For node 4, dfs_low[4] and dfs_num[4] remain the same. So, nodes are popped from the stack until node 4 resulting in-

** SCC: 4 **

dfs_low[3] and dfs_num[3] are set to 8 & node 3 is pushed to the stack.

Owing to node 1, dfs_low[3] is updated to be 1.

dfs_low[2] is updated to 1.

For node 1, dfs_low[1] and dfs_num[1] remain the same. So, nodes are popped from the stack until node 1 resulting in-

** SCC: 1 2, 3 **

This figure shows the DFS spanning tree of the graph. It can be easily observed that the SCCs form subtrees in the spanning tree.

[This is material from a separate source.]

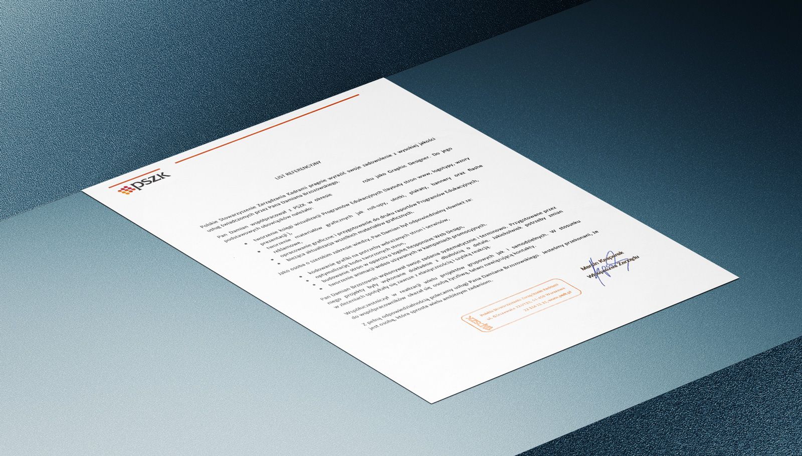 Pan Damian współpracował z PSZK jako Graphic Designer. Do jego podstawowych obowiązków należało: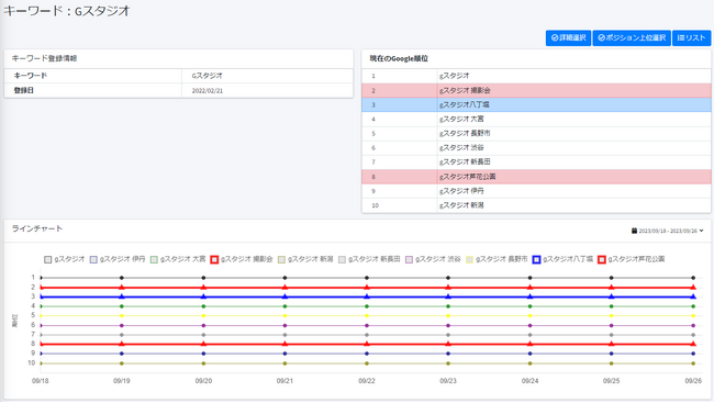 機能2:検索キーワードのサジェストワードの一覧の監視、及び順位の監視

The output for code for this graph is,

```
SCC-1-> 5 8, 7, 6,
SCC-2-> 4
SCC-3-> 1 2, 3,
```

#### Implementation

- adj_list[NMAX]: Adjacency list for each node
- dfs_num[NMAX]: dfs_num value for each node
- dfs_low[NMAX]: dfs_low value for each node
- SCC[NMAX]: SCC number for each node

- C++

### C++

```
#include<iostream>
#include<stack>
#define NODE 8
using namespace std;
int graph[NODE][NODE] = {
{0, 0, 1, 0, 0, 0, 0, 0},
{1, 0, 0, 0, 0, 0, 0, 0},
{0, 1, 0, 1, 0, 0, 0, 0},
{0, 0, 0, 0, 1, 0, 0, 0},
{0, 0, 0, 0, 0, 1, 0, 0},
{0, 0, 0, 0, 0, 0, 1, 0},
{0, 0, 0, 0, 0, 0, 0, 1},
{0, 0, 0, 0, 1, 0, 0, 0}
};
int min(int a, int b) {
return (a<b)?a:b;
}
void findComponent(int u, int disc[], int low[], stack<int>&stk, bool stkItem[]) {
static int time = 0;
disc[u] = low[u] = ++time; //inilially discovery time and low value is 1
stk.push(u);
stkItem[u] = true; //flag as u in the stack
for(int v = 0; v<NODE; v++) {
if(graph[u][v]) {
if(disc[v] == -1) { //when v is not visited
findComponent(v, disc, low, stk, stkItem);
low[u] = min(low[u], low[v]);
} else if(stkItem[v]) //when v is in the stack, update low for u
low[u] = min(low[u], disc[v]);
}
}
int poppedItem = 0;
if(low[u] == disc[u]) {
while(stk.top() != u) {
poppedItem = stk.top();
cout << poppedItem << " ";
stkItem[poppedItem] = false; //mark as item is popped
stk.pop();
}
poppedItem = stk.top();
cout << poppedItem <<endl;
stkItem[poppedItem] = false;
stk.pop();
}
}
void strongConComponent() {
int disc[NODE], low[NODE];
bool stkItem[NODE];
stack<int> stk;
for(int i = 0; i<NODE; i++) { //initialize all elements
disc[i] = low[i] = -1;
stkItem[i] = false;
}
for(int i = 0; i<NODE; i++) //initialize all elements
if(disc[i] == -1)
findComponent(i, disc, low, stk, stkItem);
}
int main() {
strongConComponent();
}
```

### Applications

The applications of Tarjan's algorithm to find strongly connected components are:

- To converted the graph into a Directed Acyclic Graph of strongly connected components
- For solving 2 SAT problems, where the problem is unsatisfiable if both a variable and its complement lie in the same SCC.

#### Questions

###### Question 1: It is possible for two nodes belonging to different SCCs to be reachable from one another.

###### Question 2: It can be seen in the code that we iterate over the all the nodes and if the corresponding SCC has not been determined yet, we call the 'tarjan' function. During this iteration, is it possible here for a node to not have an assigned SCC no. and another node from its SCC to have it assigned ?

### Tarjan's vs Kosaraju's algorithm

While both the methods have a linear time complexity, the techniques for SCC computation are fairly different. Tarjan's method relies on the timestamps of nodes in a DFS to parition the graph whereas Kosaraju's method performs two DFSs on the graph and is somewhat similar to the method for finding the topological sorting.